Question

A pencil rolls horizontally of a 1 meter high desk and lands .25 meters from the base of the desk. How fast was the pencil rolling when it left the desk?

Answer 1

Answer: 0.55 m/s

Step-by-step explanation:

This situation is related to projectile motion (also called parabolic motion), where the main equations are as follows:

`x=V_(o) cos\theta t` (1)

`y=y_(o)+Vo sin \theta t + (g)/(2)t^(2)` (2)

Where:

`x=0.25 m` is the horizontal displacement of the pencil

`V_(o)` is the pencil's initial velocity

`\theta=0\°` since we are told the pencil rolls horizontally before falling

`t` is the time since the pencil falls until it hits the ground

`y_(o)=1 m` is the initial height of the pencil

`y=0` is the final height of the pencil (when it finally hits the ground)

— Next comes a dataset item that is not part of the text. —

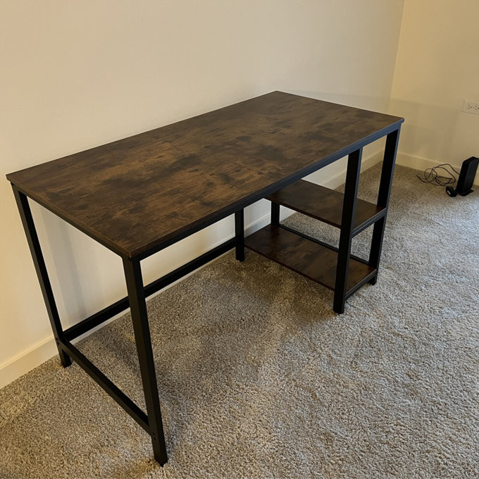 سطح رویه میز از ملامینه MDF با روکش طرح چوب و نمای وینتیج ساخته شده است که جلوهای گرم و طبیعی دارد. این سطح، نهتنها فضای کافی برای قرار دادن لپتاپ، مانیتور، کتاب و لوازم جانبی فراهم میکند، بلکه در برابر خط و خش و لکه مقاوم است. همچنین اسکلت فلزی با رنگ مشکی مات، علاوهبر استحکام بالا، به زیبایی محصول نیز افزوده است.

`g=-9.8m/s^(2)` is the acceleration due gravity, always acting vertically downwards

Begining with (1):

`x=V_(o) cos(0\°) t` (3)

`x=V_(o)t` (4)

Finding
`t` from (2):

`0=1 m+ (-9.8m/s^(2))/(2)t^(2)` (5)

`t=\sqrt{(-2y_(o))/(g)}` (6)

Substituting (6) in (4):

`x=V_(o)\sqrt{(-2y_(o))/(g)}` (7)

Isolating
`V_(o)`:

`V_(o)=\frac{x}{\sqrt{(-2y_(o))/(g)}}` (8)

`V_(o)=\frac{0.25 m}{\sqrt{(-2(1 m))/(-9.8m/s^(2))}}` (9)

Finally:

`V_(o)=0.55 m/s`